Items from a dataset:
== Segment start ==

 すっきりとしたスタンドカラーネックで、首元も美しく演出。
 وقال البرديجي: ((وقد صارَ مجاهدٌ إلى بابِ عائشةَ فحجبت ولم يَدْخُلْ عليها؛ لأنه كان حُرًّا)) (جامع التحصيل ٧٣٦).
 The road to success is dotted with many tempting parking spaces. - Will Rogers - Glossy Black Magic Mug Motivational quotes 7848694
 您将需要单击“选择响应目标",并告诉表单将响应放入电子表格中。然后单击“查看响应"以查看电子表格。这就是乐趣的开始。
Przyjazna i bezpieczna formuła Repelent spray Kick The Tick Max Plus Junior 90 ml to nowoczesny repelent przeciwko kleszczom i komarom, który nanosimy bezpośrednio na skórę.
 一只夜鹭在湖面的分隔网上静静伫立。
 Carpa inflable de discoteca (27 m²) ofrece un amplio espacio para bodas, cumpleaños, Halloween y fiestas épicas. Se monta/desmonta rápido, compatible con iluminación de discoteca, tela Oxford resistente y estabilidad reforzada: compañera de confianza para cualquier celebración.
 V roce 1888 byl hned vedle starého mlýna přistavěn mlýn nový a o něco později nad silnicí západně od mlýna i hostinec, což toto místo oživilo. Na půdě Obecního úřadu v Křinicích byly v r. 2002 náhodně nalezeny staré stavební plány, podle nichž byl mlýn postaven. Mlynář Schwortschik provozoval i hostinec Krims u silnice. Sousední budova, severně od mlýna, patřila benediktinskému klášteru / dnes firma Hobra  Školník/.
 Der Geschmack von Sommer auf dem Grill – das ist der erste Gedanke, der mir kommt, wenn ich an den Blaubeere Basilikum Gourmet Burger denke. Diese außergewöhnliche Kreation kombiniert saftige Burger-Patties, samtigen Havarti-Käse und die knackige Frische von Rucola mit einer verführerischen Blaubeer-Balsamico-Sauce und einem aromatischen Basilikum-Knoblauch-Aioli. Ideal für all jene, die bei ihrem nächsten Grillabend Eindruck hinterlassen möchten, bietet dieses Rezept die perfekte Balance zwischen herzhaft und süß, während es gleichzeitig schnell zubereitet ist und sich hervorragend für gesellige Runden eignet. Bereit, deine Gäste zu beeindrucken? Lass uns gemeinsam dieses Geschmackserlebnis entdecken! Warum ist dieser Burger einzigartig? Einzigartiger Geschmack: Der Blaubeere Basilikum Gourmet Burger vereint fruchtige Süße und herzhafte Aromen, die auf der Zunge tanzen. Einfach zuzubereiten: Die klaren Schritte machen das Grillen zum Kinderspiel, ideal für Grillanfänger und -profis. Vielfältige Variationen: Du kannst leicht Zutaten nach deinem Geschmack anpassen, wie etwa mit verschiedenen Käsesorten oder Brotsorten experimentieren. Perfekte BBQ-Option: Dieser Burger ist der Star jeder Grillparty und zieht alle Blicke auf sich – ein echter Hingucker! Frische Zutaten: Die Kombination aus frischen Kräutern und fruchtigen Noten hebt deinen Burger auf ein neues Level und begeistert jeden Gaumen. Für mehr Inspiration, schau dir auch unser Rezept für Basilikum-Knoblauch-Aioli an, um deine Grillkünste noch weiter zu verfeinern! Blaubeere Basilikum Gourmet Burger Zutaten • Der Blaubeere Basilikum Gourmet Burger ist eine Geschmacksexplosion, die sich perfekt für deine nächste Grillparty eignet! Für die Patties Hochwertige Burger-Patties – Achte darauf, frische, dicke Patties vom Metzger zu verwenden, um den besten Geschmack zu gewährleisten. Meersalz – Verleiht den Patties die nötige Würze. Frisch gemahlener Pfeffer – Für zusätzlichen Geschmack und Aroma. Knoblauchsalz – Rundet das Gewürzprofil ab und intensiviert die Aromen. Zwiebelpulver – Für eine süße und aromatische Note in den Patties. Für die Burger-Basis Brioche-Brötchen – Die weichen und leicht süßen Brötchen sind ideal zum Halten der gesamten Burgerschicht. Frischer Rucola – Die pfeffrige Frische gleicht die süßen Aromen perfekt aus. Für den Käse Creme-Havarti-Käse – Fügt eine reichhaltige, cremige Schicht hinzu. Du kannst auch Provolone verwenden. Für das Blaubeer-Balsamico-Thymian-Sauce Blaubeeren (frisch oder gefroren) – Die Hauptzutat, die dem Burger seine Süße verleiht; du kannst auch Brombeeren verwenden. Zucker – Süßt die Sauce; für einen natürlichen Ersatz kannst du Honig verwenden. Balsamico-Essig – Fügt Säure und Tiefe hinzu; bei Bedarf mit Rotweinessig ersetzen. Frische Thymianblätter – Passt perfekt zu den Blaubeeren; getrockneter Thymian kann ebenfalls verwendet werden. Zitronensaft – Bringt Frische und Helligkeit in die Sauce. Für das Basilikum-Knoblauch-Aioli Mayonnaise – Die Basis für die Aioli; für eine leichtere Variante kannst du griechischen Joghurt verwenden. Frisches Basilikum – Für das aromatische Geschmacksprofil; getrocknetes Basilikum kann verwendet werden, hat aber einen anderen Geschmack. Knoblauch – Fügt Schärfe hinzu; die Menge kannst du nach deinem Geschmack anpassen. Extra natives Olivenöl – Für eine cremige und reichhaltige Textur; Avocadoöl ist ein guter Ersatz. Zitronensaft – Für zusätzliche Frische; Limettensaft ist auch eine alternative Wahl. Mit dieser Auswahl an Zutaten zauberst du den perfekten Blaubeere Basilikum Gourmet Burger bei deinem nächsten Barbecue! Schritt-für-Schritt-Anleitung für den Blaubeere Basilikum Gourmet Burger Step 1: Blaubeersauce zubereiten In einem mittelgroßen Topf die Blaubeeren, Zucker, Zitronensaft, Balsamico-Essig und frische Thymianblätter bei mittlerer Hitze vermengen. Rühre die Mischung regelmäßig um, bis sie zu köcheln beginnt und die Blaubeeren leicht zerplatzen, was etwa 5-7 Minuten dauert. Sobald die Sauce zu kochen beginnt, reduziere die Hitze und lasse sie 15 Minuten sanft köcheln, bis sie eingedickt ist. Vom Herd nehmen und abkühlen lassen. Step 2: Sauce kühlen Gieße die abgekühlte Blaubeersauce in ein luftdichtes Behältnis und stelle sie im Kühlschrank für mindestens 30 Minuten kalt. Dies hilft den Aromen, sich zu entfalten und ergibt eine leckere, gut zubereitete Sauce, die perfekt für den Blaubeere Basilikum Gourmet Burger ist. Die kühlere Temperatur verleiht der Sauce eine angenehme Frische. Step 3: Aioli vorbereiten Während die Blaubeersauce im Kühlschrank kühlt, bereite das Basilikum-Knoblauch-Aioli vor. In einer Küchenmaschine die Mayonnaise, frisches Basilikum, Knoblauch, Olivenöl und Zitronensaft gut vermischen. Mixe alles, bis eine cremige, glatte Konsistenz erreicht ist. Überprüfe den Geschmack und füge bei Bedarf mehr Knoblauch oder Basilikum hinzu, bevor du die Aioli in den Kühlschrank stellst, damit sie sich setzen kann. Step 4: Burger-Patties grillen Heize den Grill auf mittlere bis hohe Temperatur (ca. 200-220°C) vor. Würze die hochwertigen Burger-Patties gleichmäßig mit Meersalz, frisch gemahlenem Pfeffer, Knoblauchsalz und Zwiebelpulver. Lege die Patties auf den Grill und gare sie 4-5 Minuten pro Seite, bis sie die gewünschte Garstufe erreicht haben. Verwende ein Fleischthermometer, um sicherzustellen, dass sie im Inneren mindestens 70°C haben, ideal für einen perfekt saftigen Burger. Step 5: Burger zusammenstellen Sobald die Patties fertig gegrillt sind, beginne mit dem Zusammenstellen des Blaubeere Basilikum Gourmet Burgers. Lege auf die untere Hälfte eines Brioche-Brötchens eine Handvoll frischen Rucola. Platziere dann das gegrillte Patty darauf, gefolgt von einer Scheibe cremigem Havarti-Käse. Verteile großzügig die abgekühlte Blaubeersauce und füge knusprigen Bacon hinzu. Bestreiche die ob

== Segment end ==

◆ Exercise prompt: Would you copy, unchanged, the stretch of the records above that begins at the line containing "وقال البرديجي: ((وقد" and ends at the line containing "V roce 1888", and only that?

◆ Exercise result:
 وقال البرديجي: ((وقد صارَ مجاهدٌ إلى بابِ عائشةَ فحجبت ولم يَدْخُلْ عليها؛ لأنه كان حُرًّا)) (جامع التحصيل ٧٣٦).
 The road to success is dotted with many tempting parking spaces. - Will Rogers - Glossy Black Magic Mug Motivational quotes 7848694
 您将需要单击“选择响应目标",并告诉表单将响应放入电子表格中。然后单击“查看响应"以查看电子表格。这就是乐趣的开始。
Przyjazna i bezpieczna formuła Repelent spray Kick The Tick Max Plus Junior 90 ml to nowoczesny repelent przeciwko kleszczom i komarom, który nanosimy bezpośrednio na skórę.
 一只夜鹭在湖面的分隔网上静静伫立。
 Carpa inflable de discoteca (27 m²) ofrece un amplio espacio para bodas, cumpleaños, Halloween y fiestas épicas. Se monta/desmonta rápido, compatible con iluminación de discoteca, tela Oxford resistente y estabilidad reforzada: compañera de confianza para cualquier celebración.
 V roce 1888 byl hned vedle starého mlýna přistavěn mlýn nový a o něco později nad silnicí západně od mlýna i hostinec, což toto místo oživilo. Na půdě Obecního úřadu v Křinicích byly v r. 2002 náhodně nalezeny staré stavební plány, podle nichž byl mlýn postaven. Mlynář Schwortschik provozoval i hostinec Krims u silnice. Sousední budova, severně od mlýna, patřila benediktinskému klášteru / dnes firma Hobra  Školník/.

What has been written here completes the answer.